石烈眼珠子瞪得滾圓,一把揪住沈硯的胳膊,大聲嚷嚷起來。
「什麼玩意兒?魚不咬你?」
「你這哪是水性好,你這分明是被水神老爺摸過頂吧!」
周圍的老隊員們面面相覷,臉上全是一副見了鬼的神情。
他們常年在水下搏殺,哪次下水不是提心弔膽防著血口魚偷襲?
沈硯倒好,下水居然能讓凶魚當成自己人。
季承淵握著短槍,若有所思地走上前,插話問道:「水下漆黑一片,大家搜了兩遍都沒蹤影,你又是怎麼找過去的?」
「因為聲音。」
沈硯抬手指了指怪魚背鰭上那兩排黑褐色的肉瘤。
「我的耳朵在水下能聽到常人聽不見的怪動靜。
這頭大傢伙正是靠背上這些肉瘤震動,散發出一種極沉悶的怪聲來操縱魚群。
我順著聲響一路摸到二十二丈底下的泥洞,這才鎖定了它的位置。」
季承淵低頭看了看那怪異的肉瘤,又看了看沈硯,半晌沒說出話來。
老隊員們更是暗自倒吸涼氣。
能聽聲辨位,還能隱匿在魚群里不被察覺,這小子天生就是吃深水飯的料。
邱成看著沈硯,臉上的讚賞毫不掩飾:「好苗子,你這身本事若是好好打磨,將來必定是咱們青蘆幫的頂樑柱。」
可夸完這一句,邱成的臉色忽然沉了下來,語氣帶上了幾分嚴厲。
「不過沈硯,你可知你剛才有多危險嗎?」
「這頭操控魚潮的畜生,單論皮肉骨骼與蠻力,絕不輸給煉髒境的好手。「
「你才牛皮大成,發現這種凶物不立刻後撤,居然還敢在旁邊逗留!
「一旦它抽冷子給你一尾巴,你現在已經變成一灘爛泥沉在泥縫裡了!」
面對邱成的當頭棒喝,沈硯沒有半點辯解,當場低頭認錯。
「邱執事教訓得是,是我仗著天賦有點托大了。」
話鋒微頓,沈硯抬起頭,語氣認真地補充道:「不過當時的情形,確實有些身不由己。」
「我剛在泥洞外摸到它的蹤跡,正準備撤離,這大傢伙就轉過頭盯住了我。」
「它對水流和動靜極其敏感,我若是當時敲擊鐵管,清脆的金鐵聲必然瞬間激怒它,招來整個魚群的合圍。」
「我當時注意到,它雖然發現了我,卻沒有立即攻擊,更多的只是困惑我為何不聽指令。

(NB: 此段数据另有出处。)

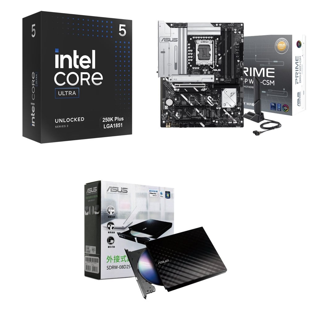 ☆裝機配★ Ultra5 250KF Plus+華碩 PRIME Z890-P WIFI-CSM D5 ATX主機板+華碩 SDRW-08D2S-U 外接式燒錄機《黑》

」
」我當即意識到可能是天賦和水靠的斂息功能干擾了對方的判斷「
「我料定,一旦慌亂逃跑,反倒會激起怪魚的警惕,陷入危險。」
」權衡之下,我只能硬著頭皮模仿旁邊大魚的遊動幅度,慢慢靠過去當隨從。「
」若非如此,我早就想辦法撤回向魏隊長匯報了。」
眾人聽完這番話,心頭又是一震。
面對煉髒層次的龐大異獸,換作常人早就嚇得手忙腳亂拼命上浮了。
沈硯居然能在千鈞一髮之際看透怪魚的心思,甚至冷靜到去模仿游魚的動作來偽裝自己。
這份細膩的觀察力與膽識,比他那身天賦還要嚇人。
季承淵看著沈硯,長長舒出一口氣,抱拳嘆道:「沈兄的心思和定力,我自愧不如。」
沈硯擺了擺手,乾笑了一聲。
「季兄過譽了。」
「我無非是仗著身上的水靠防禦強,又篤定魏隊長和各位老哥就在頭頂上,才敢硬著頭皮賭一把。「
」真要是我獨自一人遇上這麼個大傢伙,早就被嚇尿了。」
這話一出,甲板上原本緊繃的氣氛頓時鬆快下來,眾人爆發出一陣善意的笑聲。
邱成原本還想再敲打兩句,被沈硯這麼一說,也忍不住搖了搖頭。
面對一個有勇有謀、立了大功卻又絲毫不翹尾巴的後生,實在很難再狠下心去責罵。
不過站在一旁的魏鋒卻始終板著臉。
他大步走過來,粗糙的大手按在沈硯肩膀上,力道沉重。
「沈硯,我承認你很有天賦,也很聰明。」
「但在水下察覺異常,沒能第一時間設法通知其他老隊員,反而擅自下潛探查,這就是壞了隊裡的規矩。」
魏鋒掃過石烈與季承淵,聲音嚴厲:「這次念在你是初犯,又立下大功,我暫時不罰你。「
」但醜話說在前頭,進了秘境之後,裡頭的兇險比這外面大上十倍。」
「要是誰再敢壞規矩,不管立多大功勞,老子當場把他踢出隊伍,剝奪名額!」
沈硯神情一肅,抱拳沉聲道:「隊長放心,我絕不再犯。」
他心裡其實也暗自警醒。
方才擊殺怪魚雖順暢,但確實冒了極大的兇險。
若非天書賦予的特性足夠強橫,稍有差池便是萬劫不復。
往後行事,還是要將穩妥放在首位。
邱成拍了拍手,將眾人的注意力拉了回來。
「行了,事情既然辦妥,就按規矩辦。」
「這頭怪魚能夠聚攏十萬大魚衝擊水域,絕非尋常異獸。」
「極可能是秘境內部生出了某些未知的變故,必須以最快速度送回駐地,請內務堂的藥師和長老親自解剖查驗。」
邱成看向沈硯與魏鋒。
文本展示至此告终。